┌──

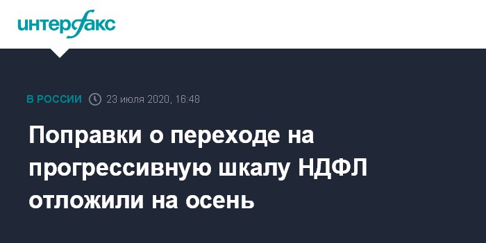 Москва. 23 июля. INTERFAX.RU - Предельный срок принятия закона о введении прогрессии в уплате налога на доходы физлиц и о возможности платить фиксированный НДФЛ с зарубежных доходов без декларирования перенесли с 24 июля на 1 ноября, узнал источник "Интерфакса".
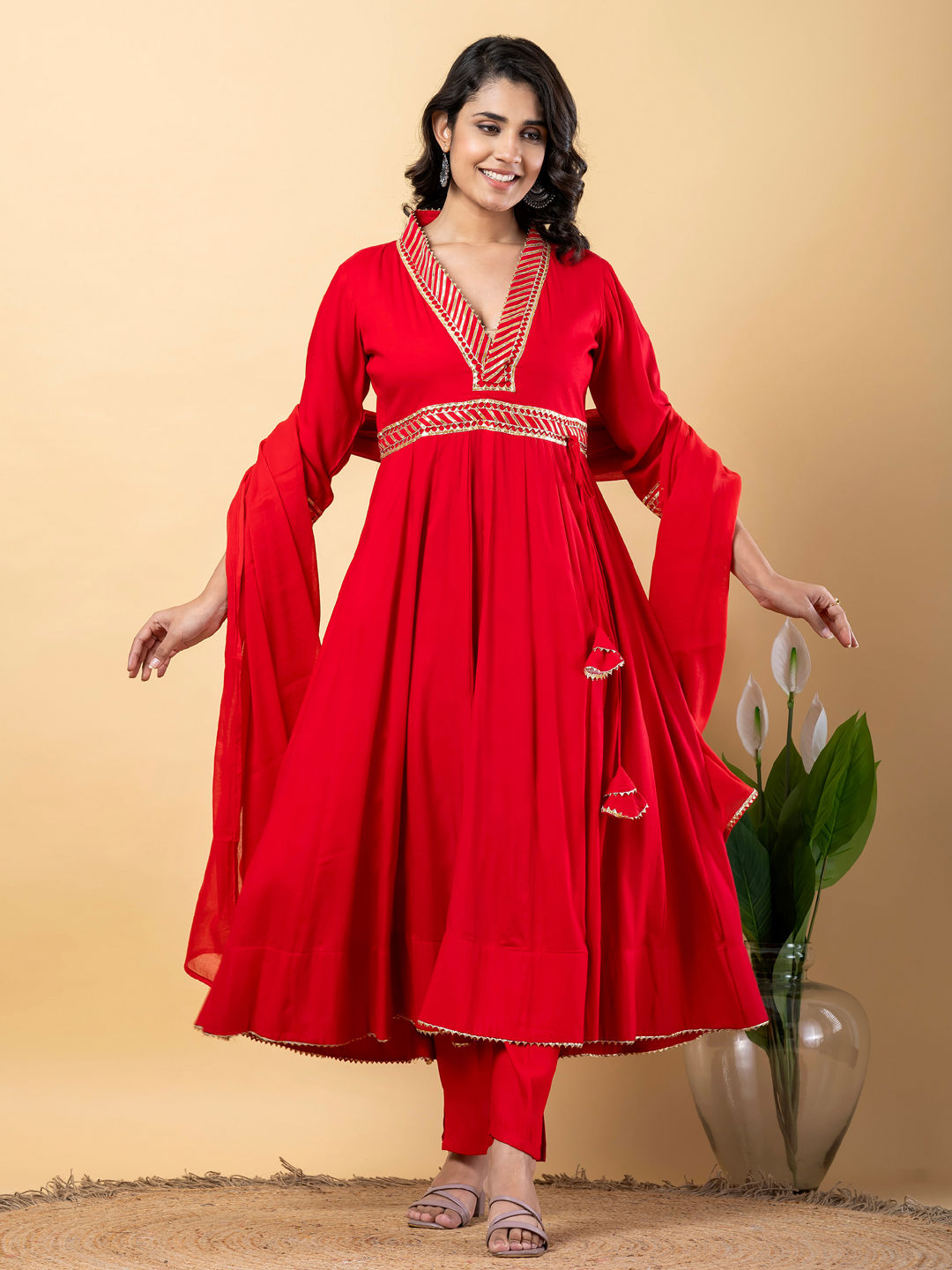 Rayon Party Wear Salwar Kameez in Red and Maroon with Gota Patti work
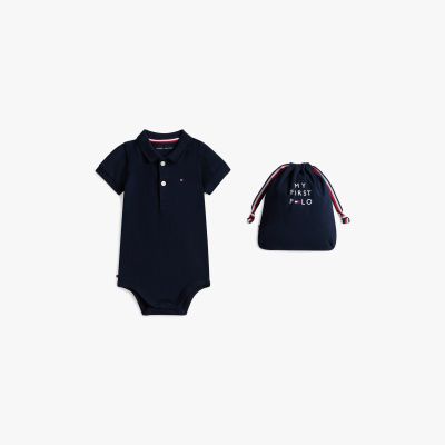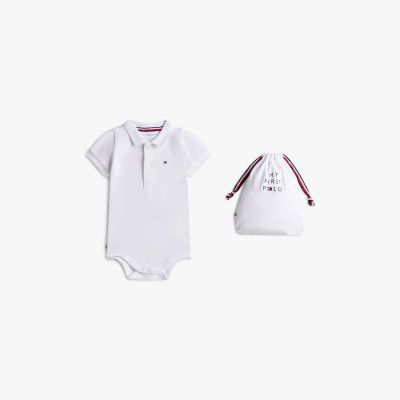 Dieses süße Geschenkset umfasst einen Poloshirt-Body aus Stretch-Baumwoll-Piqué und einen Beutel mit Tunnelzug und Branding.

└──

[DESCRIPTION OF THE TASK]
For this exercise, retype exactly, and only, the lines from the line with "Rayon Party Wear" through the last line of the material above, both included. Pictures stay out.

[EXERCISE ANSWER]
 Rayon Party Wear Salwar Kameez in Red and Maroon with Gota Patti work
 Dieses süße Geschenkset umfasst einen Poloshirt-Body aus Stretch-Baumwoll-Piqué und einen Beutel mit Tunnelzug und Branding.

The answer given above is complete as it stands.